California pesticide use down, slightly: On November 29, California's Department of Pesticide Regulation (DPR) reported that the state's use of pesticides in 2006 had fallen from 195.3 million to 189.6 million pounds, stating that this marks the third consecutive year of decline in the use of agricultural chemicals linked to cancer, neurotoxic illness and reproductive harm. Pesticide use in California's vineyards fell by 8.5 million pounds. DPR Director Mary-Ann Warmerdam claimed that the agency's efforts "to promote least-toxic pest management... are paying off." Unfortunately, the Los Angeles Times reports, strawberry growers increased applications of the fumigant methyl bromide -- an ozone-depleting chemical slated for phase-out under the Montreal Protocol -- by an additional 132 tons in 2006. PANNA senior scientist Dr. Susan Kegley, who has analyzed changes in the state's annual pesticide use for almost a decade, adds: "Total fumigant use has dropped only slightly and the area treated has actually increased by 28,000 acres. This indicates that growers are becoming MORE, not less dependent on fumigants for crop production. In Ventura county, where the federal court says that soil fumigant use needs to drop by 20% relative to 1991 to come into line with the Clean Air Act, little change was seen in 2006 compared to 2005 -i.e., 3.34 million pounds (2005) vs. 3.26 million pounds (2006). And use of the neurotoxic insecticide chlorpyrifos dropped from 2.0 million pounds per year in 2005 to 1.92 million in 2006. This is not good enough."

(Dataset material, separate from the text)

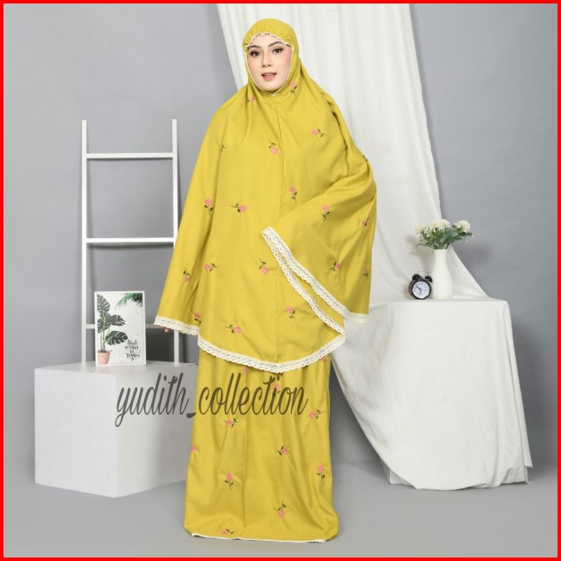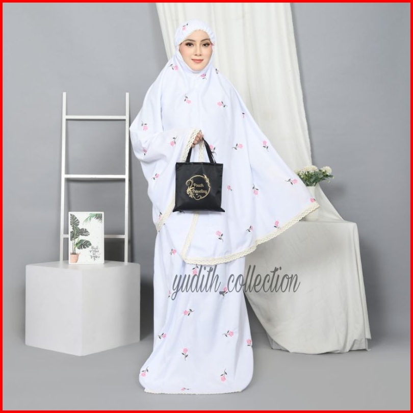 Yudith - Mukena Dewasa Bordir Bunga Aster Katun Premium Free Tas Pouch Cantik

Monsanto's GMOs advance in Germany, stall in France: Germany lifted a ban on Monsanto's genetically modified MON810 maize on December 6 after Monsanto agreed to "additional monitoring." Reuters reports that Germany's capitulation came after Monsanto "agreed to end legal action against the government's decision" to ban its product. On the same day, France's Agriculture Ministry suspended the commercial use of Monsanto's MON810 pending an investigation of the GMO's "environmental and health implications." Monsanto called the decision "a scandal bereft of scientific foundation and incoherent with the environmental benefits of this technology." France is set to vote on a new biotech law on February 9, 2008.U.S. pushes pesticides at Rome summit: USDA Undersecretary Gale Buchanan flew to Italy in early December to deliver the keynote speech at a global gathering to promote harmonization of pesticide labeling for the "minor use of pesticides on specialty crops." Farm Futures reports that the goal of the weeklong conference (co-sponsored by the USDA, the EPA and the UN's Food and Agricultural Organization) was "to improve pesticide use and their impact on trade." Buchanan explained that harmonizing "rules and regulations regarding labeling of pesticides" was important. Not because it would improve safety for people or protect the environment but because standardization is "what makes commerce possible."